Saga Pattern

A Python implementation of the Saga pattern using the Routing Slip approach, based on Clemens Vasters’ article.

What is a Saga?

A Saga is a failure management pattern for handling long-lived and distributed transactions across systems that cannot use traditional ACID transactions with two-phase commit.

Rather than holding locks across multiple services, a Saga splits work into individual activities whose effects can be compensated (reversed) after work has been performed and committed.

The Saga module provides coordination for distributed transactions using compensating actions.

When to Use Sagas

Traditional distributed transactions with locks are impractical when:

  • Work spans multiple independent services with different trust boundaries

  • Transactions are long-lived and geographically distributed

  • Participants cannot be enlisted in a single ACID transaction

  • Services are autonomous and may be temporarily unavailable

How It Works

The pattern operates through a routing slip mechanism:

┌─────────────┐    ┌─────────────┐    ┌─────────────┐
│  Activity 1 │───>│  Activity 2 │───>│  Activity 3 │
│  (do_work)  │    │  (do_work)  │    │  (do_work)  │
└─────────────┘    └─────────────┘    └─────────────┘
       │                  │                  │
       │                  │                  │ FAILURE!
       │                  │                  ▼
       │                  │           ┌─────────────┐
       │                  │<──────────│ compensate  │
       │                  ▼           └─────────────┘
       │           ┌─────────────┐
       │<──────────│ compensate  │
       ▼           └─────────────┘
┌─────────────┐
│ compensate  │
└─────────────┘
  1. Forward Path: The routing slip progresses through sequential work items

  2. Backward Path: On failure, the routing slip reverses through completed steps for compensation

Key Characteristics

  • No centralized coordinator

  • All work remains local to individual nodes

  • The routing slip carries all transaction context

  • Decisions occur locally at each step

  • Can be serialized and transmitted between distributed systems

Components

Activity

Each activity encapsulates two operations:

from ascetic_ddd.saga import Activity, WorkItem, WorkLog, RoutingSlip

class MyActivity(Activity):
    async def do_work(self, work_item: WorkItem) -> WorkLog:
        # Perform the business operation
        result = await perform_operation(work_item.arguments)
        return WorkLog(self, WorkResult({"id": result.id}))

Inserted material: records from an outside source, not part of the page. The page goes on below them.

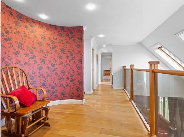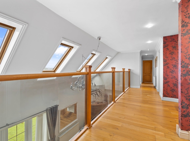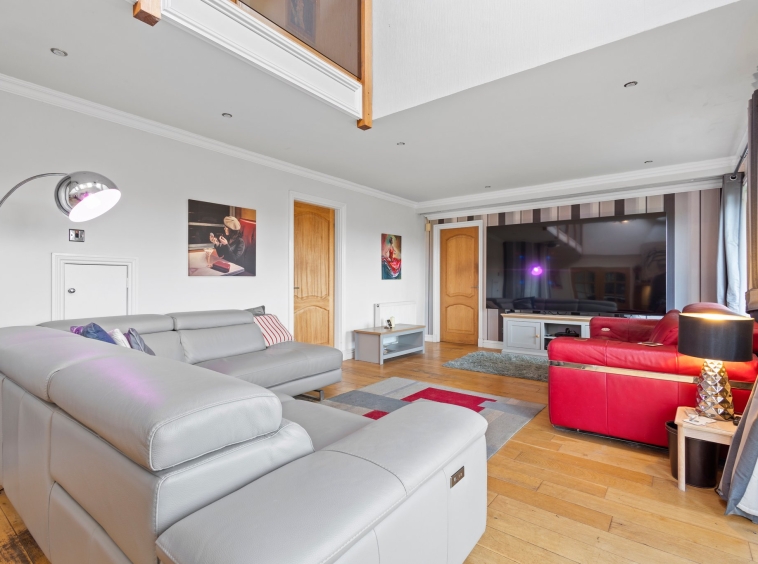Perfectly positioned within the rolling landscape of the Ayrshire countryside, Craigstone House is a modern detached villa offering six substantial principal apartments. The accommodation extends over two expansive levels, delivering a seamless balance of refined living and versatile family space. Lovingly maintained and presented, the interiors are defined by contemporary decor, enhanced by high quality fixtures and finishes throughout. A striking vaulted ceiling with glass balustrade forms a dramatic architectural centrepiece, creating a remarkable sense of light and volume while underscoring the home’s distinctive character. Set amidst generous landscaped grounds, the property provides a tranquil and private retreat, complete with extensive private parking and a substantial garage.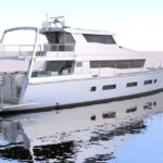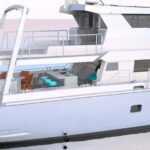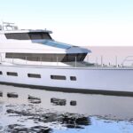 Powered by twin 250-hp Scania diesels, the boat’s reported top speed is 13 knots. At 9 knots, the boat is capable of 5,000 nautical miles, according to the builder. It will accommodate six guests and two crew members in four staterooms. Delivery is expected in late 2021. A smaller 20m model (65 feet) is also in the works.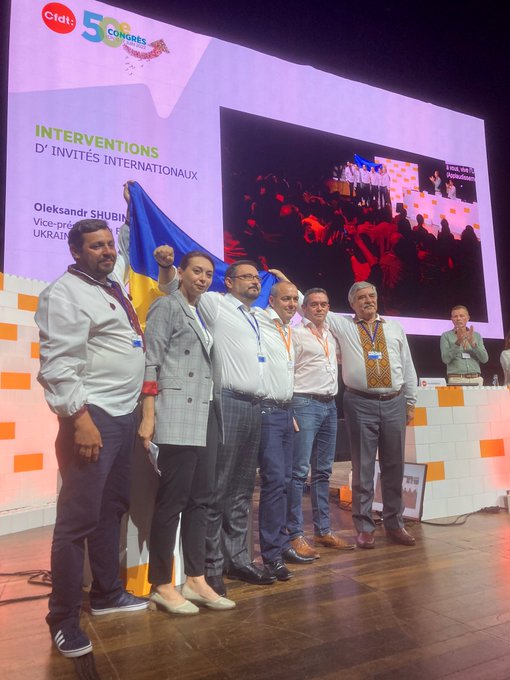 Kansainvälisistä vieraista suurimman huomion – ja kongressin 1700 vieraan raikuvat aplodit – saivat luonnollisesti ukrainalaiset. Ukrainan puolesta – ja Venäjää vastaan – otettiin muutenkin hyvin vahvasti kantaa. CFDT, jossa mukana on myös maan rautateiden työntekijöitä, järjesti aikaisemmin keväällä myös oman junakuljetuksen avustustavaroita Ukrainaan.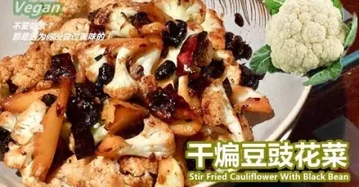 《干煸豆豉花菜 Stir Fried Cauliflower With Black Bean》菜花不加一滴水,僅靠煸炒而成的一道素菜。再加上豆豉,風味更獨特!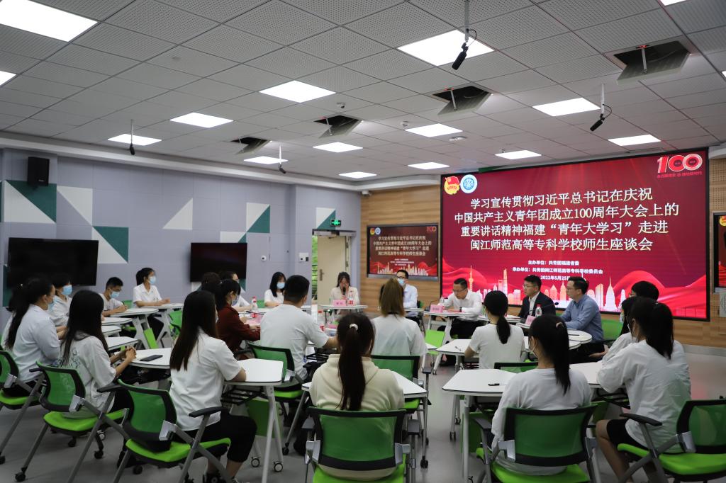 随后,邵明松副书记在3016智慧教室召开了学习宣传贯彻习近平总书记在庆祝建团100周年大会上重要讲话精神福建“青年大学习”走进闽江师范高等专科学校师生座谈会。邵明松副书记听取我校团委副书记黎凤、外语商贸学院团委书记钱小莉以及四位学生代表的学习心得分享,并做总结发言。同时,他从学习、就业、生活等方面对青年学子表达殷切期望和热情嘱托。座谈会现场氛围热烈,与会场人员交流探讨、亲切沟通,会议在热烈的掌声中结束。

    async def compensate(self, work_log: WorkLog, routing_slip: RoutingSlip) -> bool:
        # Reverse the operation
        await cancel_operation(work_log.result["id"])
        return True  # Continue backward

    @property
    def work_item_queue_address(self) -> str:
        return "sb://./myActivityQueue"

    @property
    def compensation_queue_address(self) -> str:
        return "sb://./myActivityCompensation"

RoutingSlip

The document flowing through the system:

from ascetic_ddd.saga import RoutingSlip, WorkItem, WorkItemArguments

routing_slip = RoutingSlip([
    WorkItem(Activity1, WorkItemArguments({"key": "value1"})),
    WorkItem(Activity2, WorkItemArguments({"key": "value2"})),
    WorkItem(Activity3, WorkItemArguments({"key": "value3"})),
])

Properties:

  • is_completed: True if all work items processed

  • is_in_progress: True if some work completed (can compensate)

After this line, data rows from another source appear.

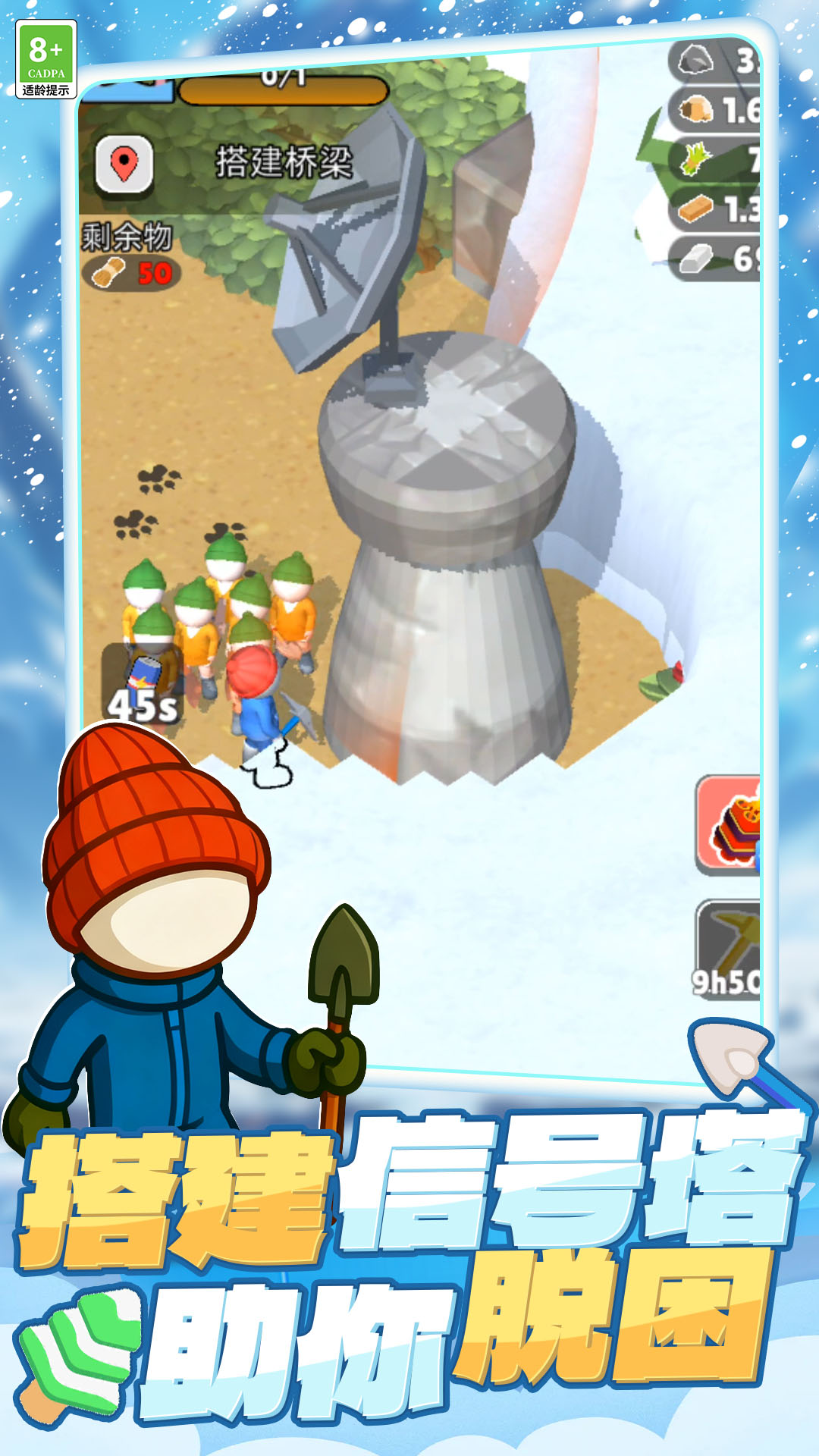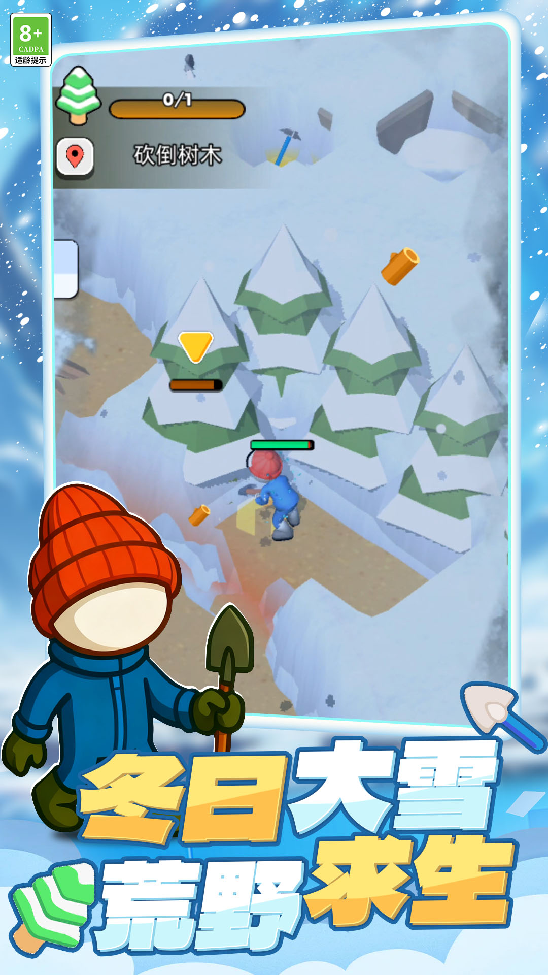 2、在冰雪覆盖的场景中搜寻各类生存必需资源,掌握高效采集方法,合理分配采集时间,确保基础物资供给稳定。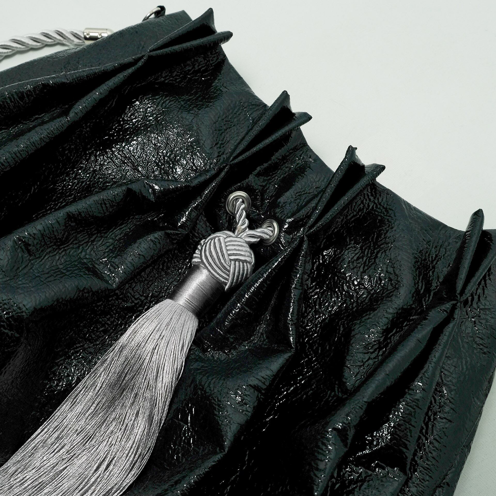 カーテンからインスピレーションを得た、独自のデザインが魅力的なショルダーバッグです。全体に施された特有のタックが、他にはない上品さを演出。タッセルをデザインポイントに採用し、シンプルながらも個性的なスタイルを語ります。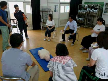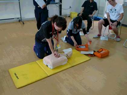 住之江消防署の方から、一次救命処置として、胸骨圧迫の方法とAEDの使い方を実際に体験しました。
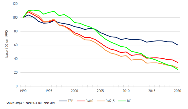 Et enfin pour les émissions de particules, dont les particules fines PM10 & PM2,5, qui ont baissé de 65% et de 73%.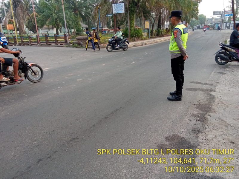 OKU Timur – Untuk memastikan kelancaran aktivitas masyarakat di pagi hari, personel Polsek Belitang I Polres OKU Timur melaksanakan kegiatan pengaturan lalu lintas atau strong point di sejumlah titik rawan kemacetan pada Jumat, 10 Oktober 2025, sejak pukul 06.30 WIB hingga selesai.
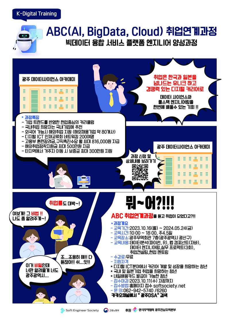 - 고용노동부 주관 K-디지털 트레이닝 과정(전액 무료)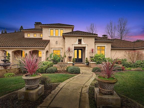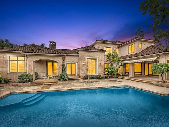 Private 1-acre parcel in gated cul de sac enclave, this remarkable custom estate is perfect for entertainment and relaxation. Outstanding floor plan includes great room with hardwood flooring; family room with wood beamed ceiling, fireplace, wet bar, wine refrigerator, and temperature controlled wine cellar. Dream kitchen features a large island with sink, custom cabinetry, pantry closet, fireplace, and high-end appliances, including built-in refrigerator and double oven. Nearby spacious bonus room offers a separate area for family and guest entertainment, and includes custom built-ins. All 4 bedrooms are en suite and offer generous space and privacy. Downstairs remote master suite with fireplace and luxurious bath includes a jetted tub, steam shower, heated tile flooring, separate vanities and walk-in closet. Private den features custom built-ins. Enjoy the resort-like backyard with pool and spa, water features, built-in barbecue, fireplace, plenty of patio space and lawn area.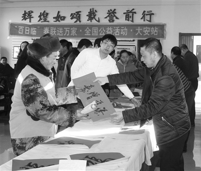 文艺工作者深入基层为群众送春联。 吕洪杰摄

  • progress_uri: Next activity’s work queue address

  • compensation_uri: Last completed activity’s compensation address

Methods:

  • process_next(): Execute next work item, returns success/failure

  • undo_last(): Compensate last completed work

ActivityHost

Manages message processing for a specific activity type:

from ascetic_ddd.saga import ActivityHost

def send(uri: str, routing_slip: RoutingSlip):
    # Route to appropriate host based on URI
    ...

host = ActivityHost(MyActivity, send)
await host.accept_message(uri, routing_slip)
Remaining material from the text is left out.